Despite its name, small talk plays an outsize role in socialization. Social scientists refer to this type of speech as phatic communication, which they usually divide into two related but different theories for understanding its function. One theory, devised by the early-20th-century anthropologist Bronisław Malinowski, used phatic speech to account for small talk as an essential part of social bonding. You answer the phone, saunter into a shop, or pass a neighbor on the street. “How are you?” you might ask each other. When this happens, nobody really cares to hear how you are doing. The question is posed for social communion; it’s a way of saying hello, of acknowledging someone’s presence, of beginning a more meaningful interaction.
The other theory, put forward by the linguist Roman Jakobson, sees phatic speech as the chatter used to manage the channel of communication. It’s language that cues people in to where, how, and when they should speak. These days, you might pass fewer neighbors and see fewer co-workers, at least in person. Instead, those interactions are largely mediated by technology. And with that comes the need to talk about how to operate those apparatuses and how to behave when using them. “Oh, you’re breaking up,” or, “Your video froze,” or, “Bob, you’re still muted,” or even, “Wait, were we meeting on Zoom or on Teams (or on Slack, or by phone)?”

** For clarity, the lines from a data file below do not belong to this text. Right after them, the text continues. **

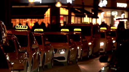 Row of taxi. Night transportation in urban city. Illuminated scene after dark. Downtown munich taxi cars to transport tourist. Slow motion movement
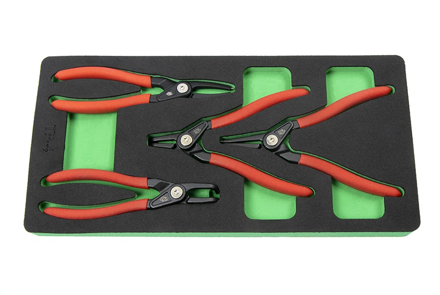 Съемники стопорных колец Станкоимпорт ложемент TP-4 помещены в удобный ложемент, который изготовлен из EVA (этилен винил ацетат) пены. Данный материал обладает высокой стойкостью к агрессивным средам и механическим воздействиям. Съемники имеют твердосплавные вставки, которые обеспечивают высокие показатели прочности, надежности удержания стопорного кольца и долгий срок службы. Наличие возвратной пружины скрытого типа облегчает позиционирование инструмента.
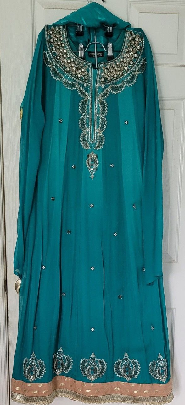 Lightly used traditional Pakistani event dress with pant and scarf.. Color: green and gold
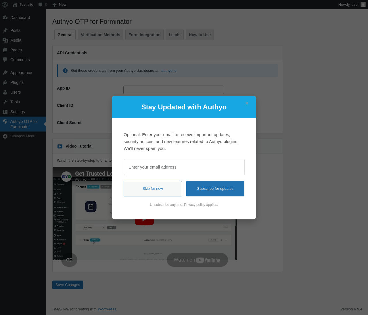 Does Authyo OTP for Forminator Form work with WordPress 6.9.4 and PHP 8.1.12? A smoke test was performed on .
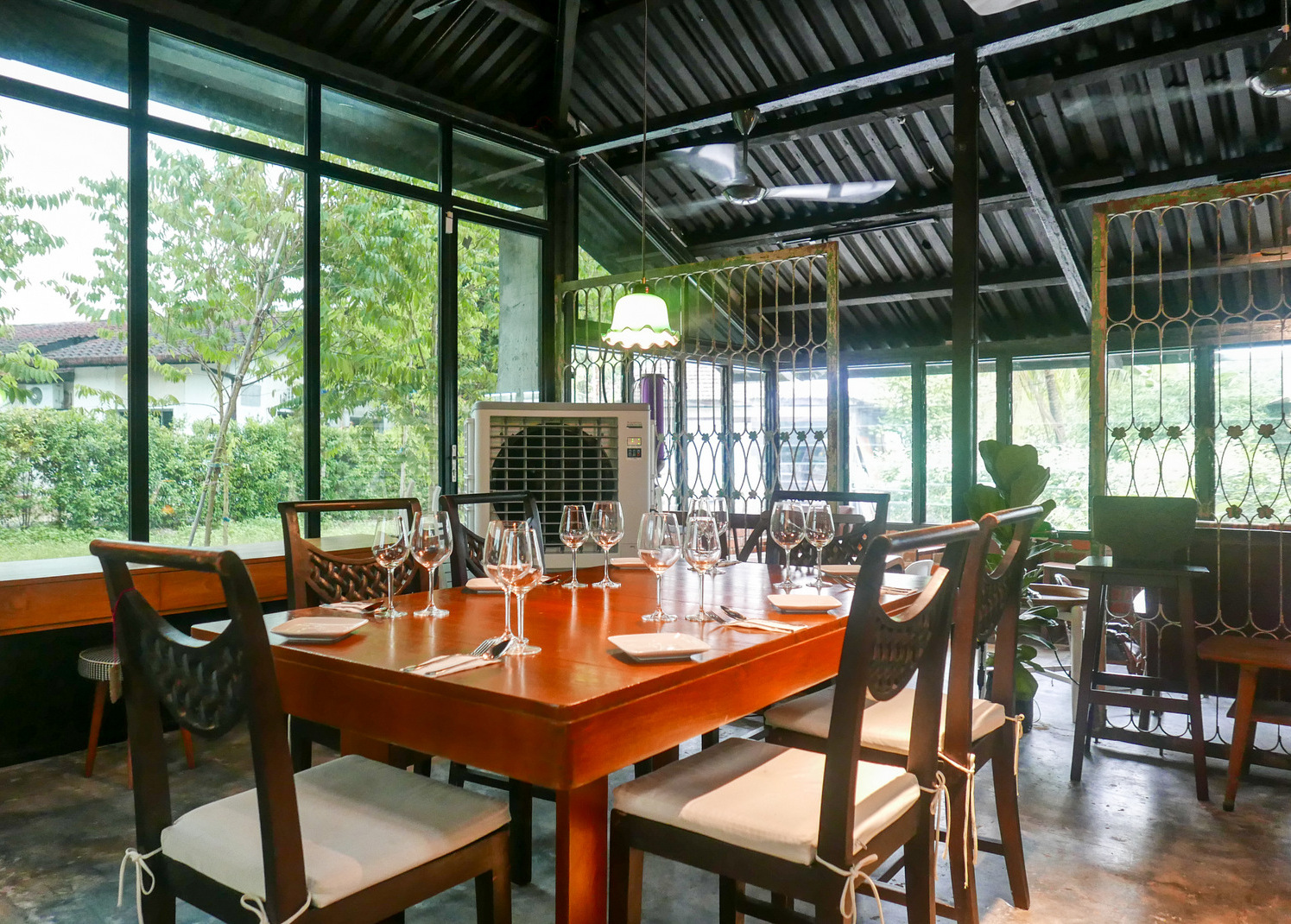 8 Jugra's chief allure is its unique setting, evoking a restaurant in a cottage, balanced somewhere between rustic & elegant. Its Italian-dominated menu comes close to competent - gnocchi with pork salami in gorgonzola sauce (RM26), a four-cheese pizza (RM28; camembert, mozzarella, parmesan & gorgonzola) & spice-simmered lamb shank with herb-infused rice (RM32).

Altogether, phatic speech is the linguistic glue that holds our interactions together. And the pandemic has utterly broken it, making social interactions even more exhausting. First, the Malinowskian, social-bonding flavor of phatic speech has stopped working. Normally, people hear past the meaning of “How are you?” and recognize its social purpose. But as early-pandemic dreams of flattening the curve and getting back to normal devolved into a whole year of online meetings, schooling, piano lessons, and happy hours, each invocation of a phatic greeting became more noticeable—and newly burdensome. Suddenly, asking “How are you?” involved really and truly asking the question, whether you meant to or not. Who knows, after all, if the other party (or someone in their family) might be sick, or has lost their job, or has even just reached a new low of sorrow and terror.

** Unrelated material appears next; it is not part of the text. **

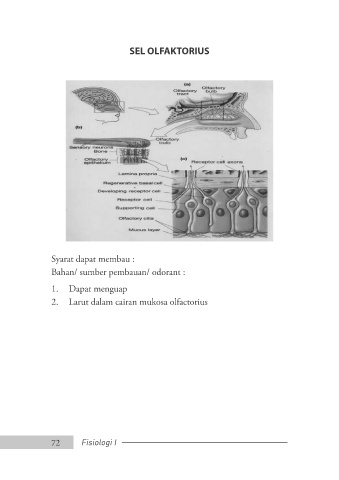 SEL OLFAKTORIUS Syarat dapat membau : Bahan/ sumber pembauan/ odorant : 1. Dapat menguap 2. Larut dalam cairan mukosa olfactorius 72 Fisiologi I
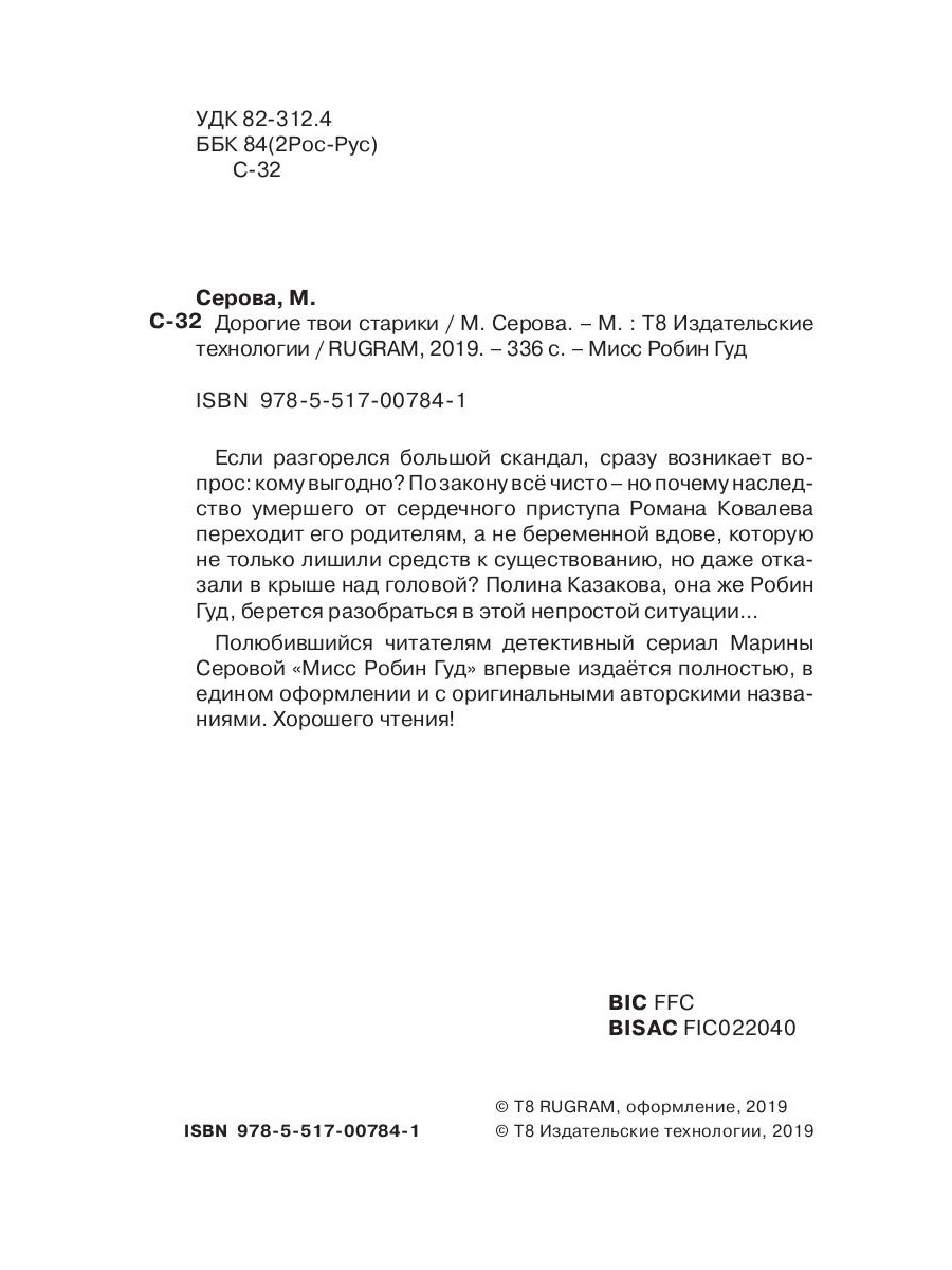 Если разгорелся большой скандал, сразу возникает вопрос: кому выгодно? По закону всё чисто - но почему наследство умершего от сердечного приступа Романа Ковалева переходит его родителям, а не беременной вдове, которую не только лишили средств к существованию, но даже отказали в крыше над головой? Полина Казакова, она же Робин Гуд, берется разобраться в этой непростой ситуации... Полюбившийся читателям детективный сериал Марины Серовой «Мисс Робин Гуд» впервые издаётся полностью, в едином оформлении и с оригинальными авторскими названиями. Хорошего чтения!| Издательство | Т8 RUGRAM |

Read: The utter weirdness of small talk in a pandemic
While Malinowskian phatic social bonding collapsed, Jakobsonian phatic channel-fluffing ballooned in the worst and most awkward ways. In part, that’s because everyone started using communication technologies unfamiliar to everyday life. Zoom’s 2020 profits swelled fortyfold over the prior year as workplaces and schools shifted to video meetings. Other, similar services, such as BlueJeans, Slack, Skype, and Microsoft Teams, also witnessed huge growth. Figuring out how to get a co-worker into a meeting, a child into a virtual classroom, or a parent into a family videochat required a great deal of irritating meta-discourse. “Is it a phone call, or is it on Zoom?” “Meet in mine, or are you sending an invite?” “Oh, we don’t have a subscription, so you’ll have to host if it’s more than two of us.”